Among the humiliations Wilde suffered after being sent to prison were not only compulsory silence - prisoners were forbidden to speak to one another - but deprivation of books. All he had in his cell at Pentonville, apart from his bed (a plank laid across two trestles), were a Bible, a prayer book and a hymnal. When at last his sympathetic MP won him permission to have more books, Wilde nominated Pater's The Renaissance along with the works of Flaubert and some by Cardinal Newman. These were allowed, but only at the rate of one a week. Moved to Reading Gaol, he found himself under a more sympathetic prison governor.
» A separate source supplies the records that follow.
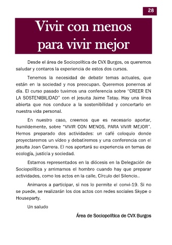 Desde el área de Sociopolítica de CVX Burgos, os queremos
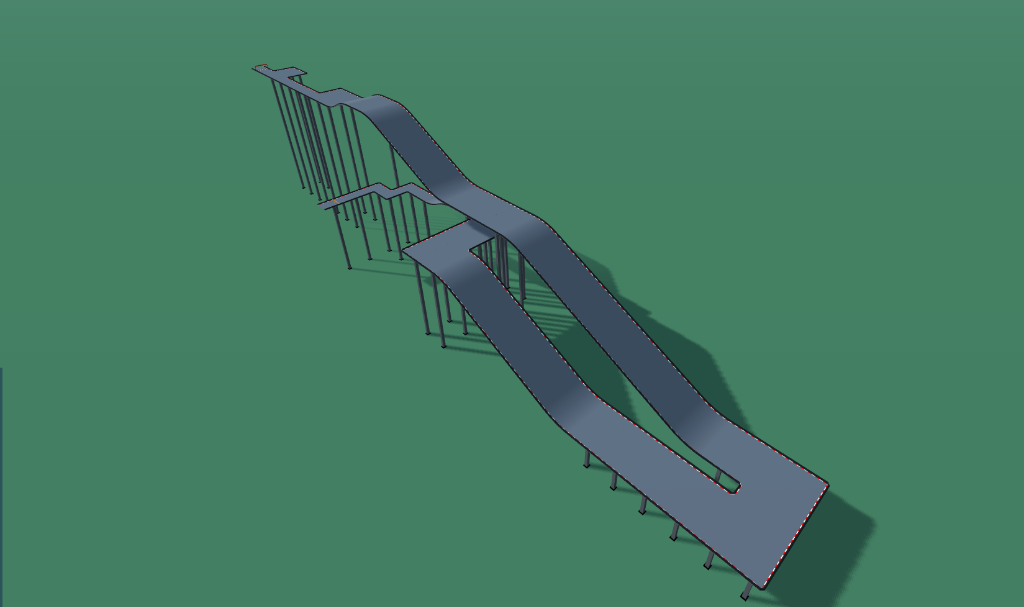 - Data Payload: ~1,479 characters of compressed geometry — a moderately sized build that focuses its budget on the elevated highway structure and split-path routing.
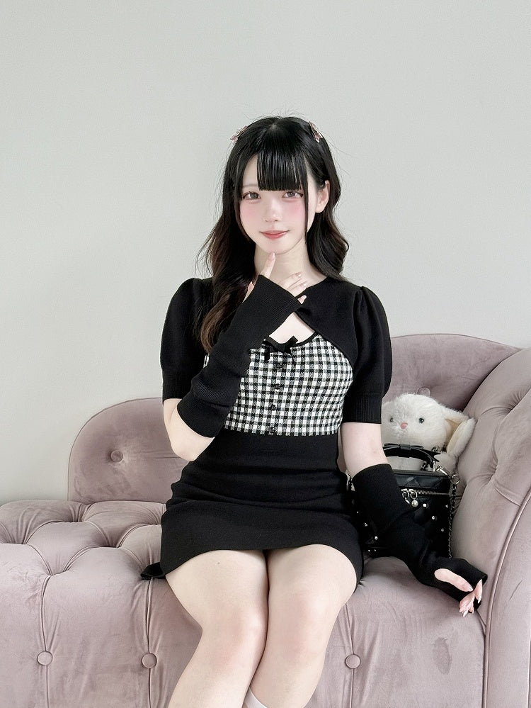 Jirai Kei – Schwarzes kariertes Strickkleid mit Ausschnitt und gedrehtem Ausschnitt
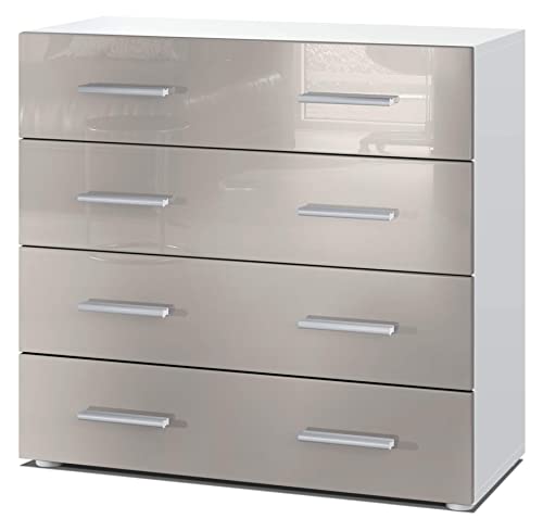 Buffet TV Vladon 4C, Blanc Mat/Gris Haute Brillance
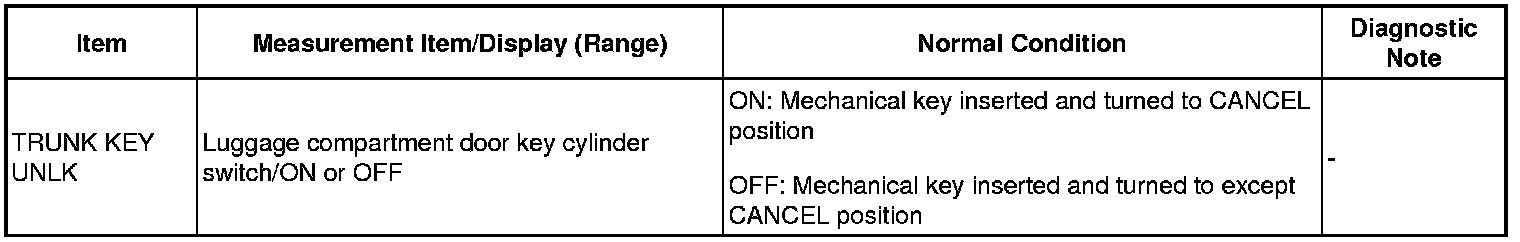 DOOR LOCK: POWER DOOR LOCK CONTROL SYSTEM: Luggage Compartment Door Key Cylinder Switch Circuit
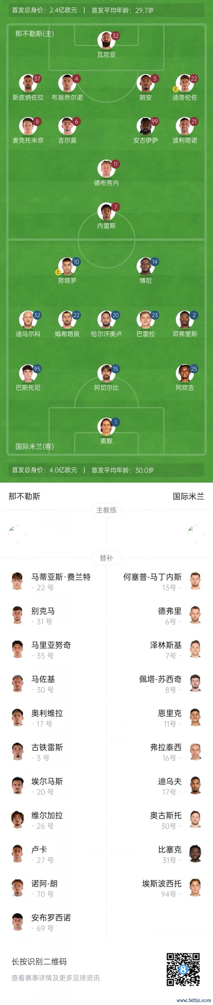 那不勒斯后备 :25-费尔兰特、55-斯皮内利、3-古铁雷斯、17-奥利维拉、20-埃尔马斯、26-贝尔加拉、27-洛伦佐·卢卡、30-马佐基、31-别克马、35-马里亚努奇、69-安布罗西诺、170-诺亚·朗
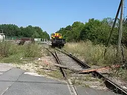Die nicht mehr in Betrieb befindliche Eisenbahnlinie von Gouaix nach Montereau-Fault-Yonne in Châtenay-sur-Seine. Im Hintergrund steht eine Rangierdiesellokomotive mit dazugehörendem offenem Güterwagen.
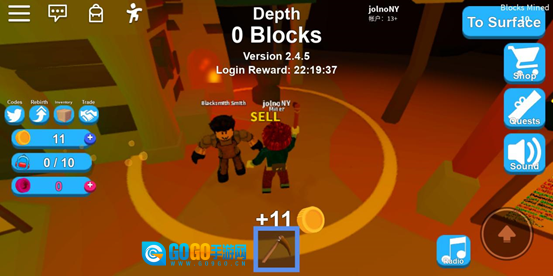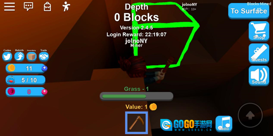 第一步,我们需前往矿场。接着,点击屏幕正下方的木镐进行装备。随后,点击想要挖掘的矿,此时矿会出现绿色框框,长按即可开始挖掘。选定目标后,我们便能知晓当前矿的价值。起初,我们仅能挖掘价值1金币的矿,一次最多装满10个矿,总计价值10金币。

His book request lists after July 1896 show him developing an interest in more recently published titles, including novels by George Meredith and Thomas Hardy. Wilde later said that he also read Dante every day in prison and that Dante had saved his reason.
from Brenda Maddox's review of Thomas Wright's Oscar's Books

2 comments:

Tim J. said...

See... Oscar Wilde, there's someone else I've been meaning to read.

Joe said...

Other than The Selfish Giant (a short fairy tale) I've read no Wilde. I did get to see his tomb in Pere Lachaise, though. Eventually I'll get around to reading Joseph Pearce's bio of him and then select something of Oscar's. There is just so much good stuff to read!